Во время разговора субъекты все бегали глазами по сторонам, а тут вдруг глянули одновременно друг на друга, да секунды на три и замолчали. В воздухе материализовалась какая-то странная усмешечка.
Первым нарушил молчание гость.
— Вы, я вижу, любитель живописи, — сказал он, чтобы поддержать разговор. (Треть стены в комнате была оклеена сигаретными пачками. Пачки образовывали довольно сложный узор.)
— Это как, видимо, постмодернизм?
— Нет, какая там живопись! Залил стену вином — пришлось заклеивать.
— Вон что.
Взгляды снова встретились. На этот раз они были серьезнее, и молчание длилось дольше.
— Ладно, к делу. Я так понимаю, вы меня собираетесь обжулить. Посмотрим.

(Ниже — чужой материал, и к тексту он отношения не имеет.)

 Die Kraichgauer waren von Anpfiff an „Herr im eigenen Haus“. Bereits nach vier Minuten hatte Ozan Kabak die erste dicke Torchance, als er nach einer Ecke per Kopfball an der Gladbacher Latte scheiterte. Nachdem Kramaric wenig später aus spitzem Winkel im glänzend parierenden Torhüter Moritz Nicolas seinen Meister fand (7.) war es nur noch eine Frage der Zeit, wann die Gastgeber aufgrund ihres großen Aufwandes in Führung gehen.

Извлекайте товар.
— Пожалуйста. Товар что надо. Можно считать, миллион у меня в кармане.
Боб лениво протянул руку под кровать, достал шкатулку, поставил ее на табурет. Потом пустил колечко дыма и улегся поудобнее.
Гарри так и потянулся к шкатулке — но вдруг ехидно взглянул на Боба:» В кармане, говоришь? Посмотрим!»

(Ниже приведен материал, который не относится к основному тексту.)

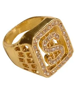 Goldener Ring mit Dollarzeichen als Kostümzubehör für jeden Pimp & Rapper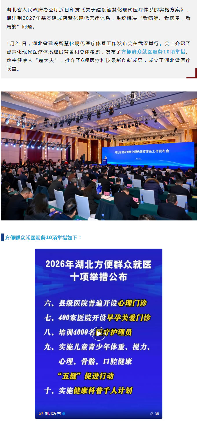 2026年湖北方便群众就医十项举措公布

Он взял шкатулку, поставил ее себе на колени, открыл. Внутри нее была подушечка алого бархата, на ней лежал гвоздь. Гвоздь был изрядной длины, сильно затуплен, погнут, изъеден ржавчиной и попачкан. Гарри посмотрел еще раз в сторону кровати, потом достал гвоздь двумя пальцами, а шкатулку поставил не глядя на табурет. Гвоздь он некоторое время вертел в пальцах и рассматривал. Цвет его физиономии неспешно менялся в сторону более теплых оттенков. Наконец он перестал рассматривать гвоздь и принялся разглядывать кровать, над которой висели клубы дыма. Затем очень аккуратно — чтобы не поцарапать — положил гвоздь на табурет. (Без подушечки алого бархата гвоздь совершенно не смотрелся.) Потом вынул сигару изо рта и прочно вдавил ее в пепельницу. Потом величаво поднялся и медленно прошел к выходу. Потом взялся за ручку двери.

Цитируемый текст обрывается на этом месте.